Word for word, retype the lines from the one containing "Smooth As Tennessee" to the one containing "Doch zuerst stand" below, keeping both end lines and dropping the pictures.

» **DATA FOR THIS EXERCISE**
*** Begin section ***

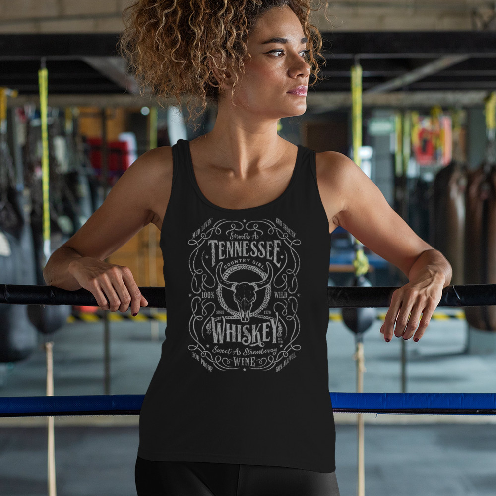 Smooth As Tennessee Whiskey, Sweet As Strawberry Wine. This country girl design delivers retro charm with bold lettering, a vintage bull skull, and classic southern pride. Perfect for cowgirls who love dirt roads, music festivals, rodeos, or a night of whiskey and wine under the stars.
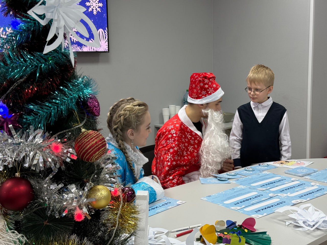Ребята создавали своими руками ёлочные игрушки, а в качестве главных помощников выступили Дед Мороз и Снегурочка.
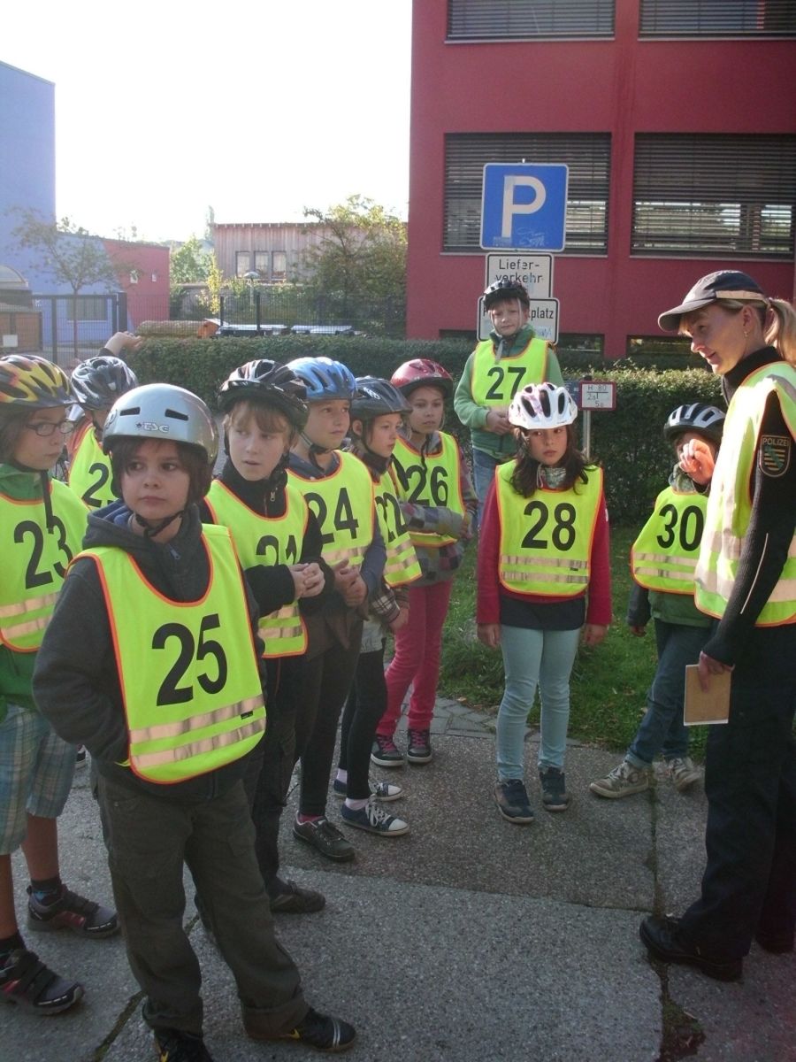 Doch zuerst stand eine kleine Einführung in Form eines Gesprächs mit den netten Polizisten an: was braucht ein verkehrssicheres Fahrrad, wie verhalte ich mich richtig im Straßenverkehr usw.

*** End section ***
*** Begin section ***

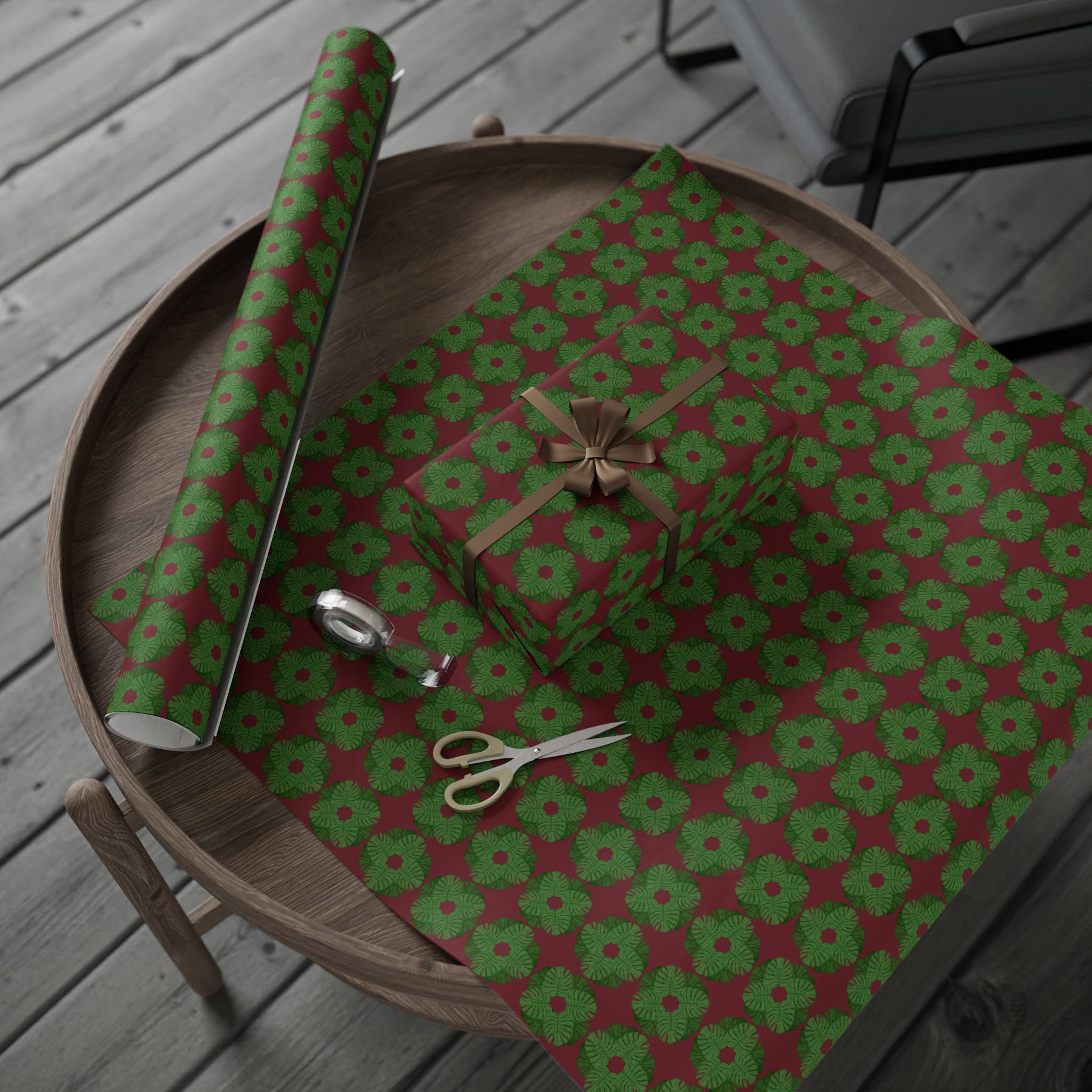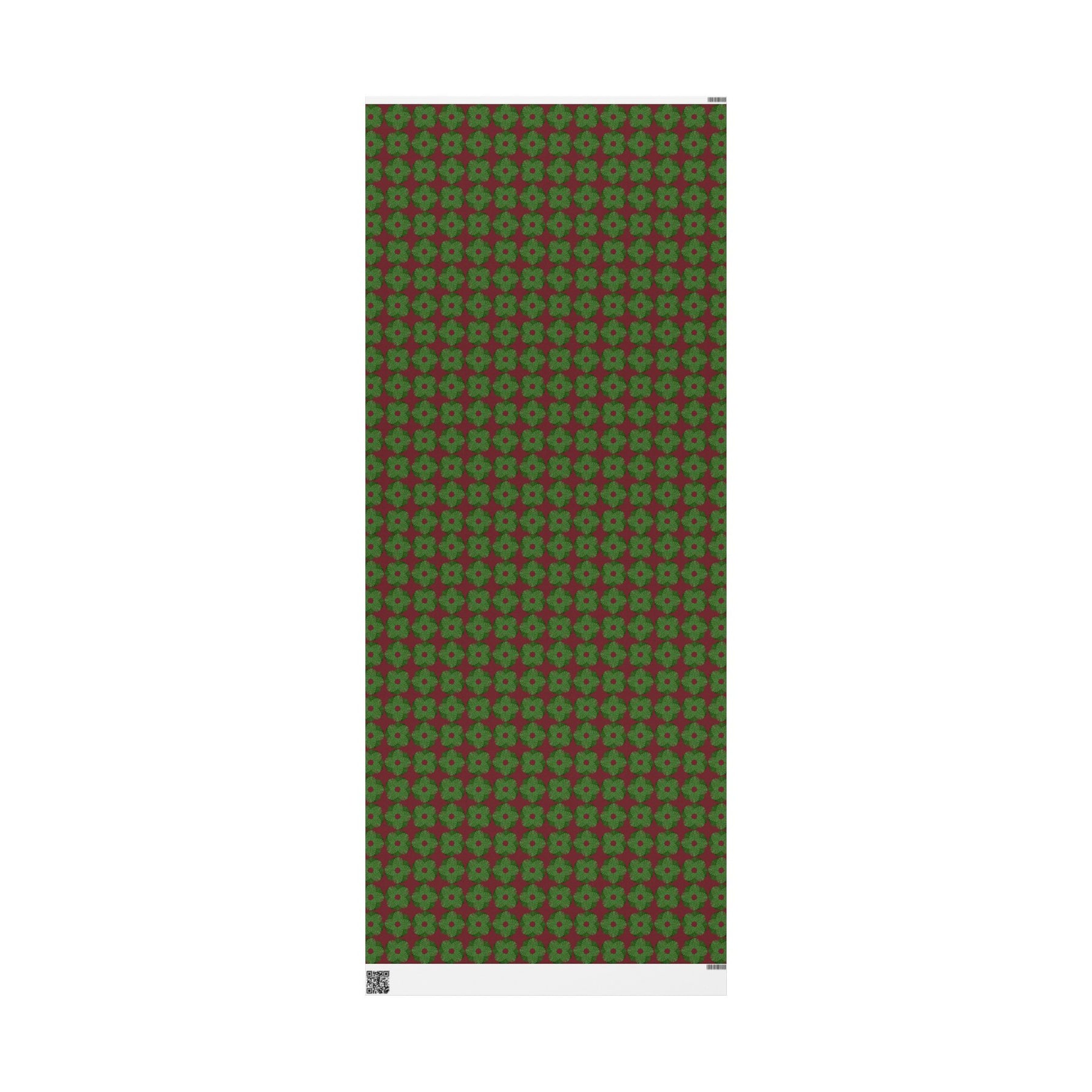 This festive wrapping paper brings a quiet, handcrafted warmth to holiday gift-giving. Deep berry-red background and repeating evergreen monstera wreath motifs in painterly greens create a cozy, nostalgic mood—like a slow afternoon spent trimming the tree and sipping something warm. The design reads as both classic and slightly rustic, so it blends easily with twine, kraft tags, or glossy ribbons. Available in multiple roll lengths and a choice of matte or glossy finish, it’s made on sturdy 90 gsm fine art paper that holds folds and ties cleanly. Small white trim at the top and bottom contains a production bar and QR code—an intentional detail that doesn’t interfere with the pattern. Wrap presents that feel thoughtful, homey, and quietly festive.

*** End section ***

» **EXERCISE SOLUTION**
 Smooth As Tennessee Whiskey, Sweet As Strawberry Wine. This country girl design delivers retro charm with bold lettering, a vintage bull skull, and classic southern pride. Perfect for cowgirls who love dirt roads, music festivals, rodeos, or a night of whiskey and wine under the stars.
Ребята создавали своими руками ёлочные игрушки, а в качестве главных помощников выступили Дед Мороз и Снегурочка.
 Doch zuerst stand eine kleine Einführung in Form eines Gesprächs mit den netten Polizisten an: was braucht ein verkehrssicheres Fahrrad, wie verhalte ich mich richtig im Straßenverkehr usw.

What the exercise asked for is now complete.